Une spécialité bolivienne: La culture du syndicalisme et de la démocratie de base est très vivante en Bolivie et se traduit par des manifestations plutôt spontanées, parfois bien orchestrées dans un quartier de ville, dans une localité, une région et même le pays entier. Une des techniques les plus efficaces dans cette lutte populaire sont les barrages routiers. Installés à des endroits stratégiques du réseau routier ils sont capables de bloquer toute circulation aussi bien de marchandises que de passagers. En l’absence de réseau ferroviaire le camion et le bus sont les seuls moyens de transport (la majorité des Boliviens étant trop pauvres pour acheter une voiture).
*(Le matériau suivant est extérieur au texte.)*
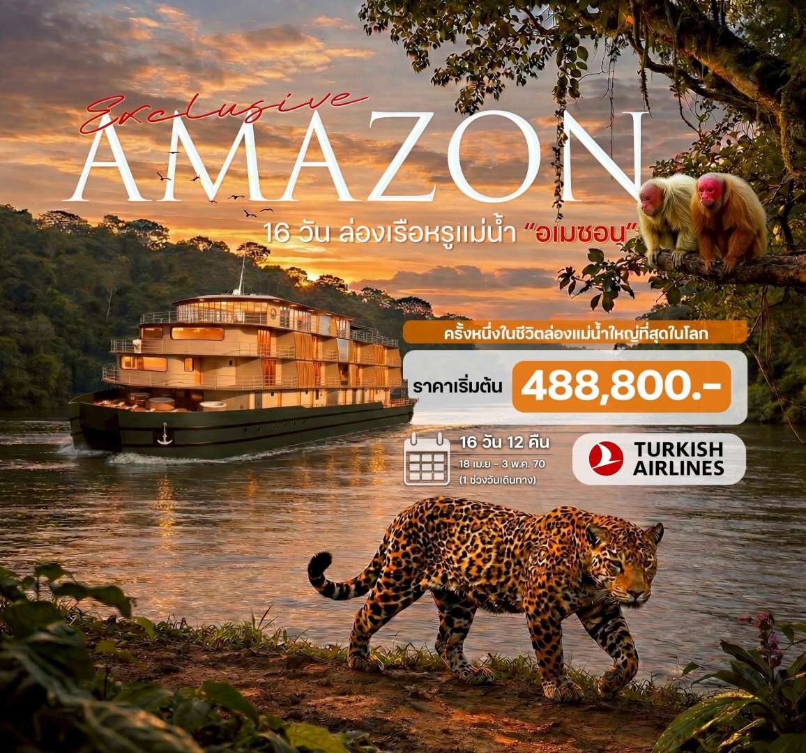ทัวร์ อเมริกาใต้ (South America): ล่องเรือหรูแม่น้ำอเมซอน 16 วัน 12 คืน บินกับ Turkish Airlines (TK)
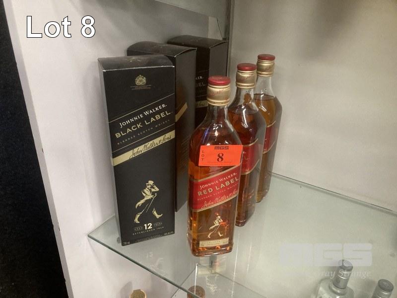 3 x BOTTLES JOHNNIE WALKER BLACK LABEL & 3 x BOTTLES JOHNNIE WALKER RED LABEL, 700ml
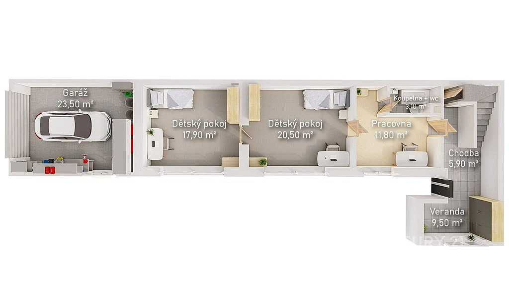 1. NP – pracovna (11,80 m²), koupelna (3,10 m²), dětský pokoj (20,50 m²), dětský pokoj (17,90 m²)

Les barrages de route suscitent ainsi le mécontentement et la colère de la population et augmentent la pression sur les dirigeants politiques.
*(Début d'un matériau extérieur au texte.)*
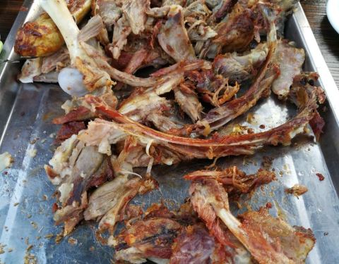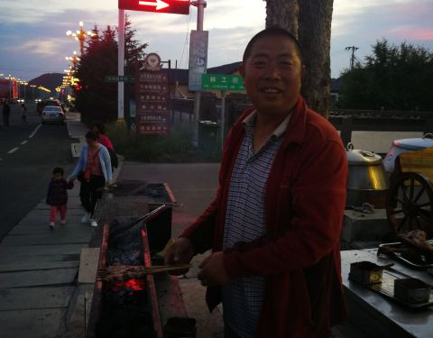口味一般,有的菜咸得要死(我们点的老虎菜),有的又没味,比如浇油羊肚。不过,烤的羊腿和羊排价格比隔壁家实惠,288一套,隔壁家喊价688一套,我们五个人也吃不完,结果隔壁家根本没有人,全都到这家吃来了。特色的凉拌红梗,就是山楂的味道,非常酸,略带甜,大家都觉得稀奇,每桌都去点。烤羊肉串不推荐,5元一串,量很小不说,肥肉太多,一共4小坨,就是两个廋的两个肥的,根本咽不下去
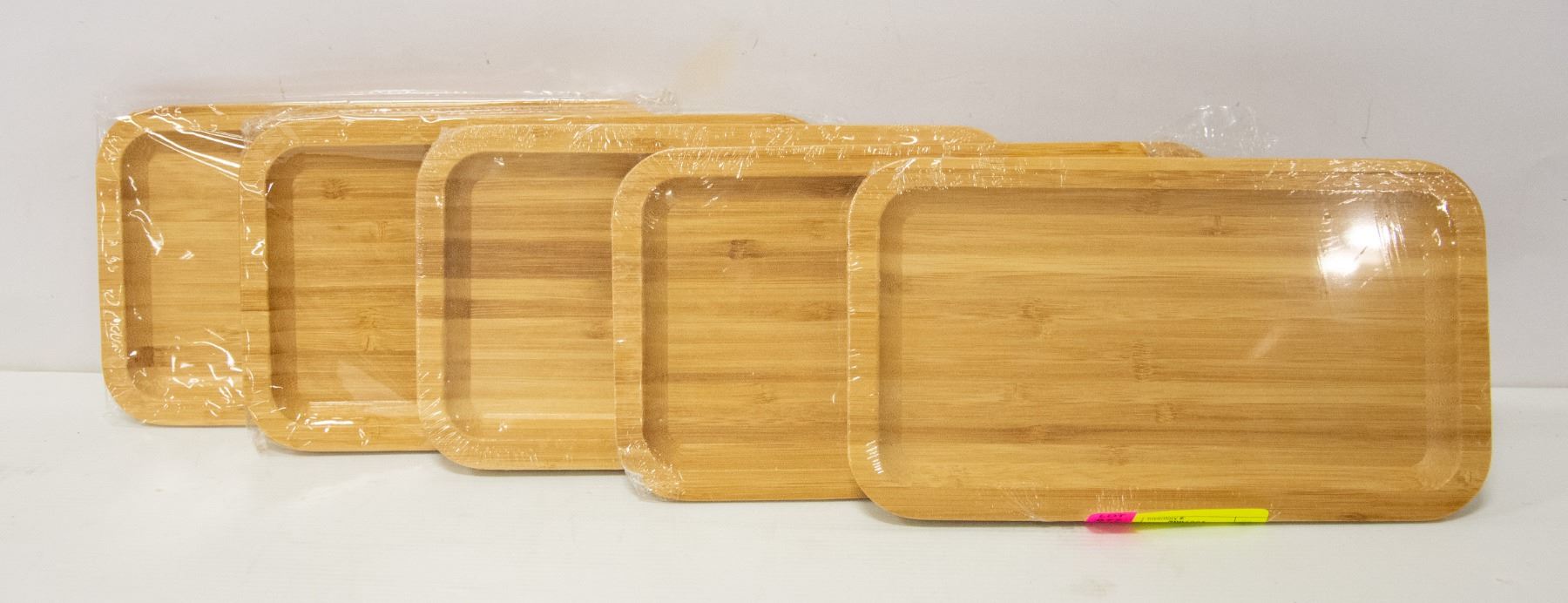 LOT OF 5 RECTANGULAR WOODEN TRAYS
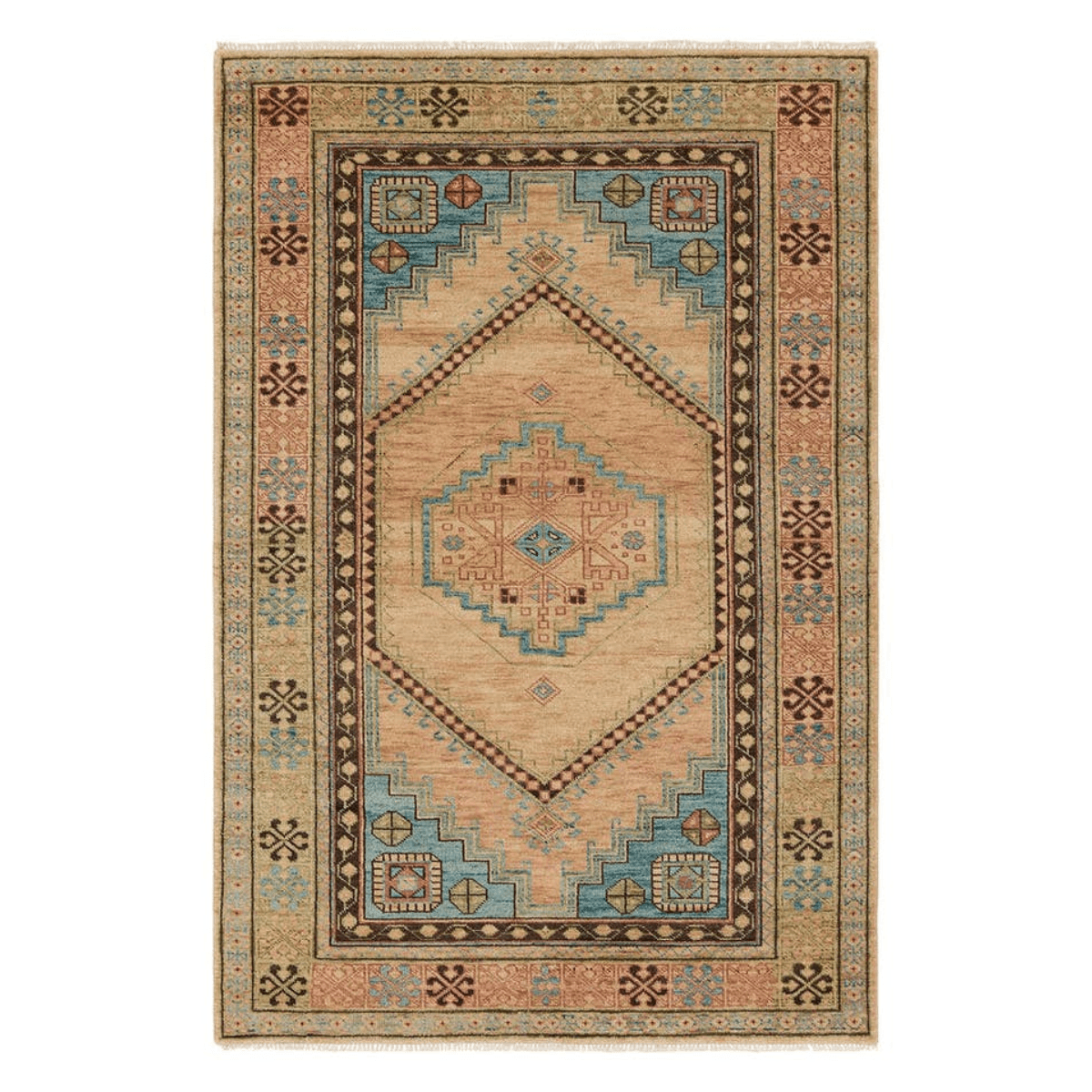 The eye-catching and boldly colored Reza collection features an assortment of Turkish-inspired designs that emulate the unique bazaar finds overseas. These handknotted designs boast a 100% wool construction for heirloom-quality durability. The Lunja rug features a medallion and intricate border in hues of vivid blue, tan, red, sage, beige, and brown. The low pile creates an easy-to-clean accent piece that thrives in both high and low traffic areas of the home.

Mais la nature aussi, si belle et exubérante en Bolivie, est capable de bloquer toute circulation terrestre. Surtout dans les régions moins développés, pauvres en infrastructures, comme le village de Chocaya, où travaille notre volontaire Anne Speltz actuellement. Elle nous reporte ses expériences dans le petit récit ci-dessous:

Le weekend de Carnaval s’annonçait avec quatre jours de congé et ainsi on avait planifié une excursion un peu plus longue, jusqu’à Tarija, pour profiter de ces « petites vacances ».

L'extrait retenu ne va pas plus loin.